Intrigued, he repeated the trick again, and again the quantity of coins was doubled. Now breathless with excitement, he unscrewed his watch and fed it into the statue's mouth. A second later, two identical watches lay together in the bowl.

You know, I'm sure, what happened next. As soon as the bank opened the next morning, he practically flew there and withdrew all of his money in the form of gold coins. These he fed one by one into the mouth of Wadjun-Ka, receiving two coins back for every one he inserted, and then reinserting each of these two coins to receive four more, and so on and so on, and at the end of that night he was the richest man in the whole city.

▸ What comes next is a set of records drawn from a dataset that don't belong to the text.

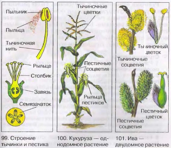 Строение и многообразие покрытосеменных растений § 28. Цветок (продолжение)Цветки правильные и неправильныеЛисточки околоцветника (простого и двойного) могут располагаться так, что через него можно провести несколько плоскостей симметрии (яблоня, вишня, капуста и др.). Такие цветки называют правильными. Цветки, через которые можно провести одну плоскость симметрии (горох, шалфей), называют неправильными. Строение тычинки и пестикаУ яблони каждая тычинка имеет пыльник, внутри которого созревает пыльца [99]. Пыльник расположен на тычиночной нити. Пестик имеет рыльце, столбики и завязь. У яблони пестик образован пятью сросшимися между собой в основании столбиками. В верхней части они свободные и каждый несет по одному рыльцу. Завязь пятигнездная. В гнездах находятся семязачатки, из которых после цветения развиваются семена.
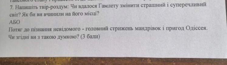 7. Напишіть твір-роздум: Чи вдалося Гамлету змінити страшний і суперечливий світ? Як би ви вчинили на його місці?
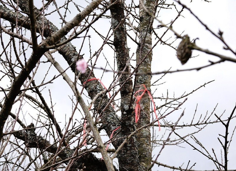 Những cành đào được buộc dây màu hồng, màu đỏ là những cành đã được khách đặt mua.
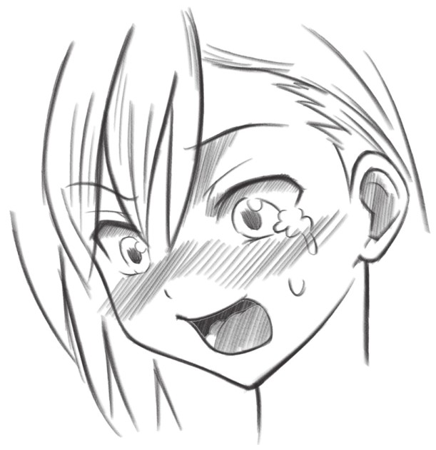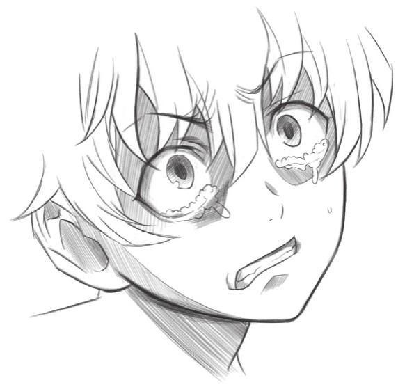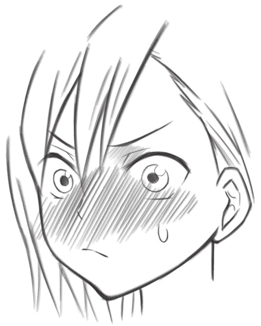 通过连接的斜线表示人物脸红,还有眼泪,传达出人物紧张、情绪激动到流泪的表情
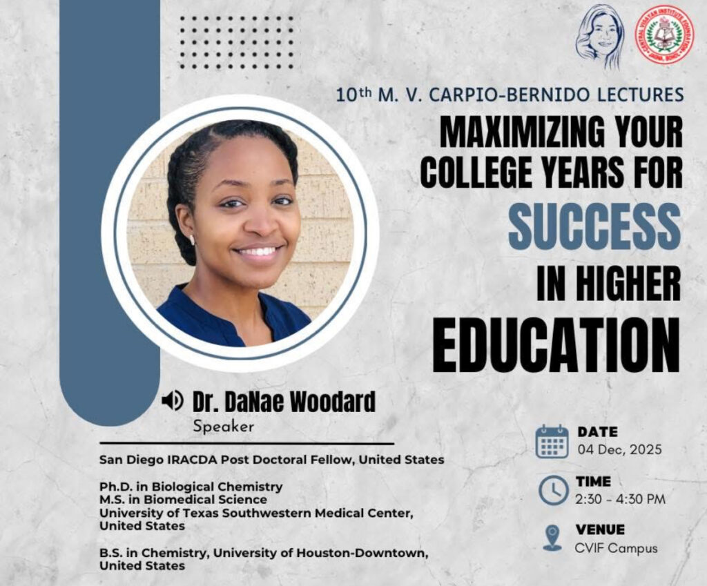 Bianca giving a career talk entitled “Fun Topics in Physics” to Grade 11 CVIF Students as part of the MVCB Lecture Series of CVIF in honor to the late Maria Victoria Carpio-Bernido (top) and Bianca answering students’ questions after her talk (bottom).
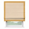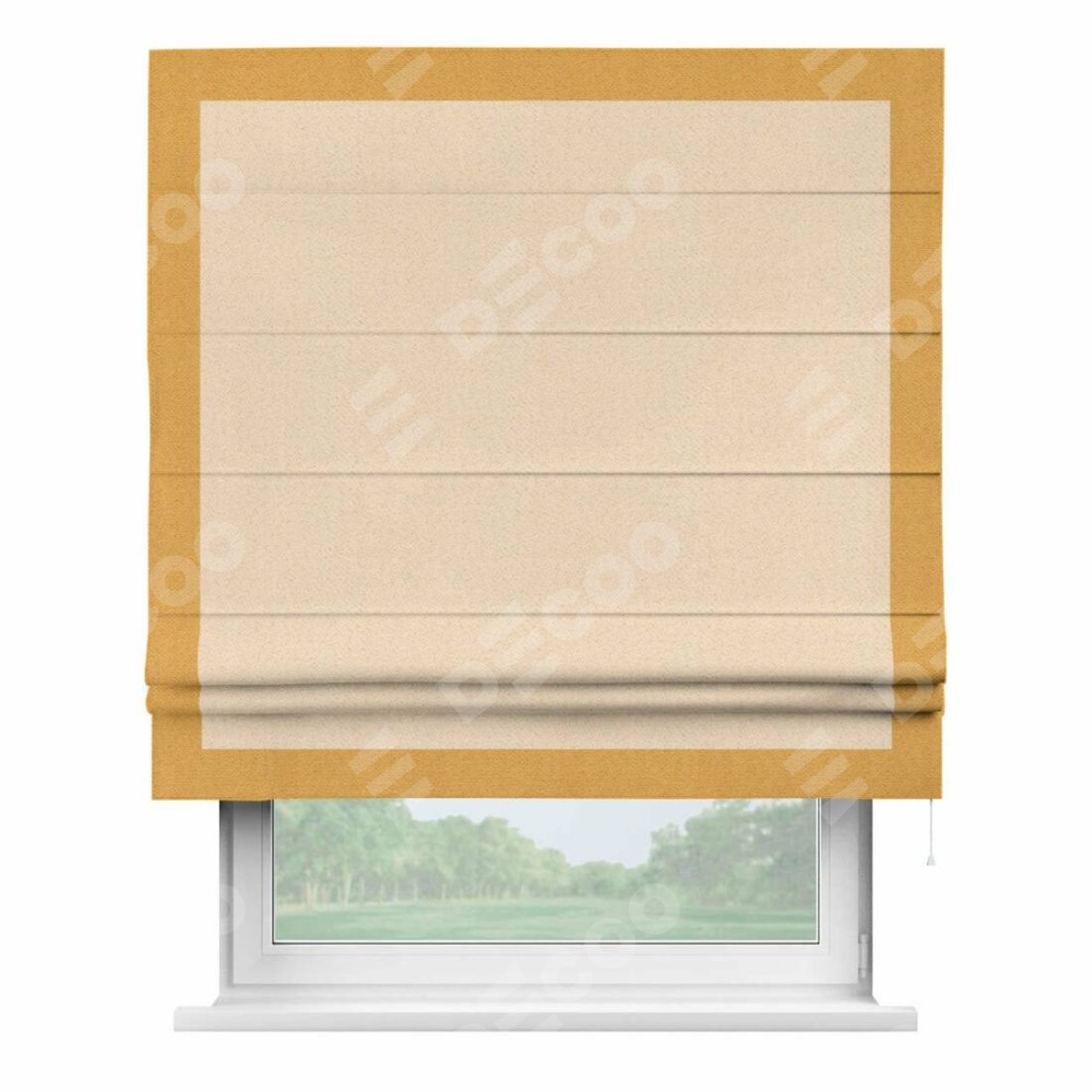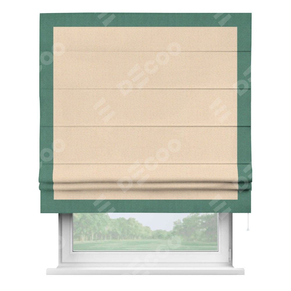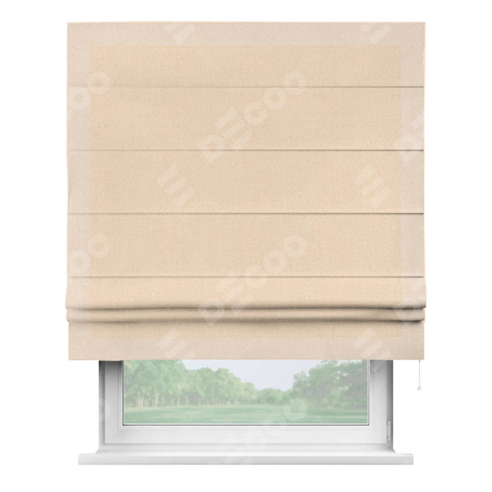 Римская штора производителя «Cortin», используется для проёма, пошита из ткани блэкаут с блеском бежевый, артикул 34627. Отделка шторы кантом «Чесс», ткань для канта используется из блэкаута с блеском разной расцветки на выбор. Изнаночная сторона материала черного цвета, что обеспечивает необходимую светонепроницаемость. Имеет универсальный механизм и подходит для монтажа: на потолок, на стену и в нишу.
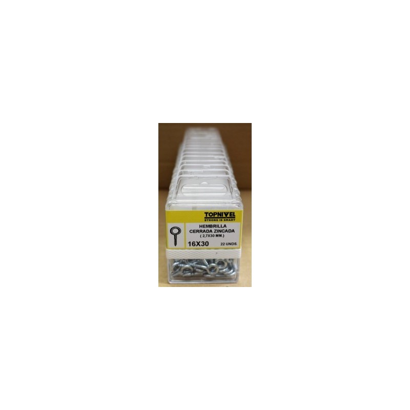 Blister hembrilla fijación cerrada 16X030mm cincado nivel 22 piezas
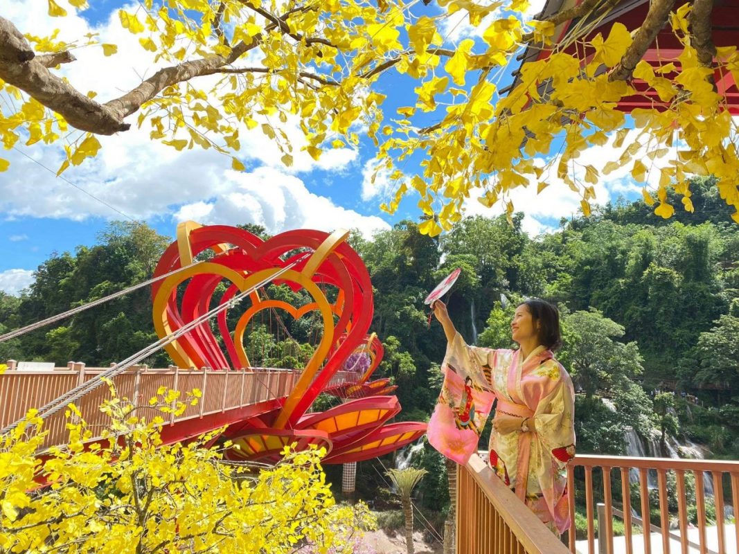 Thác Dải Yếm - Quý khách tự túc mua vé thăm quan Cầu kính Tình yêu - cây cầu kính đầu tiên tại Việt Nam.
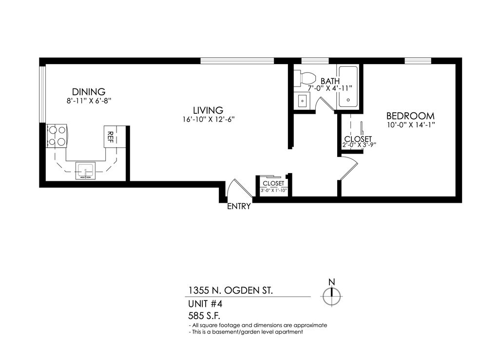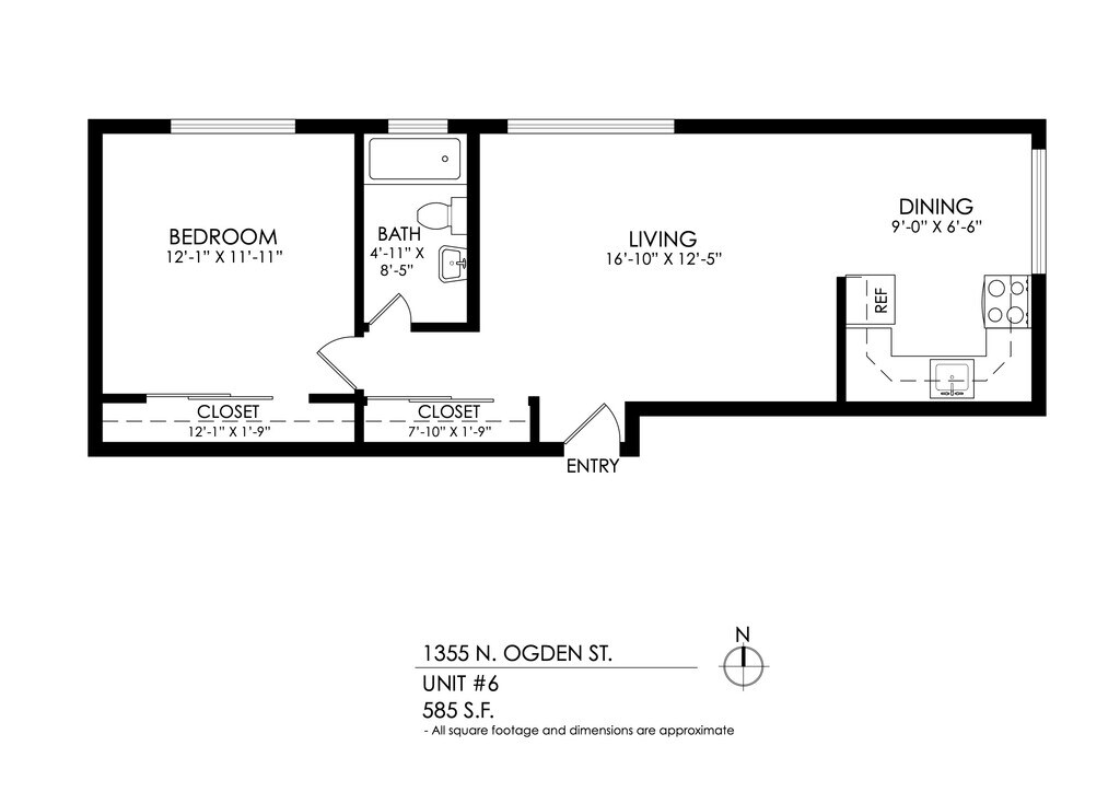 1 Bedroom, 1 Bath - Plano 5 Los planos son representaciones artísticas. Todas las dimensiones son aproximadas. El producto y las especificaciones reales pueden variar en tamaño o detalle. No todas las características están disponibles en cada vivienda en alquiler. Por favor, consulta con un representante para obtener más detalles.
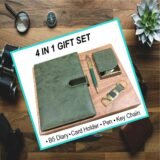 Premium 4 in 1 gift set featuring a stylish diary, smooth-writing pen, elegant card holder, and durable metal keychain. Perfect for men and women, this versatile set suits office use and gifting. Ideal for Christmas, New Year, corporate gifting, and special occasions for doctors, husbands, and fathers.
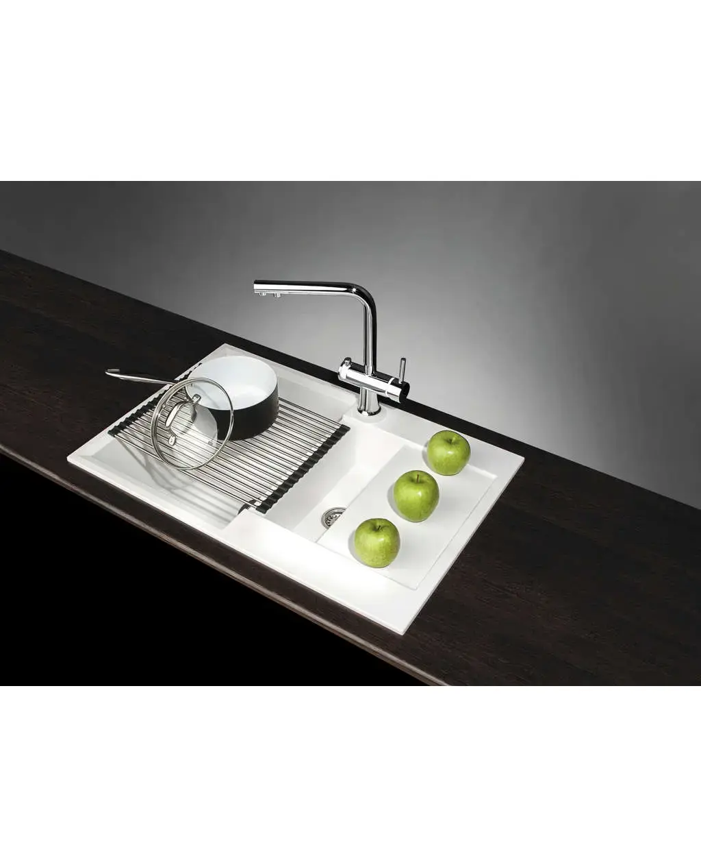 • Благодаря этому элементу мойка обретает устойчивость к воздействию различных кислот и щелочей, что гарантирует ее неизменный внешний вид.
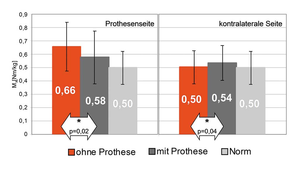 Hinsichtlich der Gelenkbelastung der unteren Extremität ist ein deutlicher positiver Effekt durch die Prothese am Kniegelenk zu messen. In der Frontalebene ist beim Gehen ein Varusmoment im Knie mit Maximalwerten von 0,55 bis 0,60 Nm/kg physiologisch. Liegt der Wert über einen längeren Zeitraum über dieser physiologischen Grenze, sind die Bedingungen zur Entstehung einer Arthrose im Knie begünstigt. Dies wird ausführlich in der Arbeit von Goh 34 beschrieben.
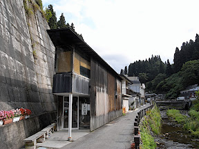 銀山温泉は山あいの川の両岸に約300mくらいの長さで旅館が連なるこじんまりとした温泉街。隈研吾設計のしろがね湯はその一番手前、温泉街の端にあります。
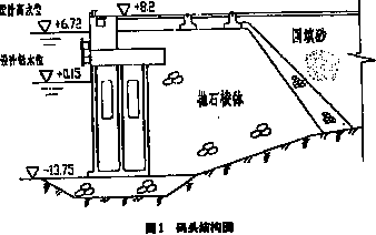 湄洲灣碼頭工程泊位長304m,陸域縱深310m,碼頭面標(biāo)高+8.20m,碼頭前沿水深-13.75m,滿足停靠3.5萬t級集裝箱船和5萬t級散貨船的要求。碼頭結(jié)構(gòu)型式為沉箱重力式結(jié)構(gòu),如圖1所示。
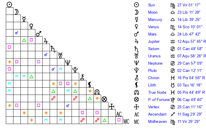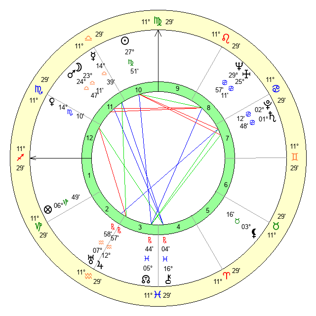 | Moon | 23 Libra 4 | 27 Virgo 27 | 13 Scorpio 34 |

He, his wife, and daughter moved into a mansion as big as five of their old houses combined. His daughter now had a stable full of horses, a room full of shoes, a gallery of pianos, and her own private ballet studio. Still, he couldn't stop. He no longer left his study. He skipped meals and obligations and quit his work. He spent hour after hour feeding coins into Wadjun-Ka's mouth, feeling a thrill anew every time the doubling occurred, building towers upon towers upon stacks and stacks of gold, so much gold all around him that slowly, very slowly, he was hemmed in entirely. And suddenly, as though awakening from a daze, he realized he was all alone, and couldn't see the door; and that he was scared, and didn't know what time it was or what year it was or whether or not he was old or young; and when he cried out for help the sound was absorbed by those shimmering walls of money money; and when he tried to stand the whole prison of gold came down on his head, and buried him.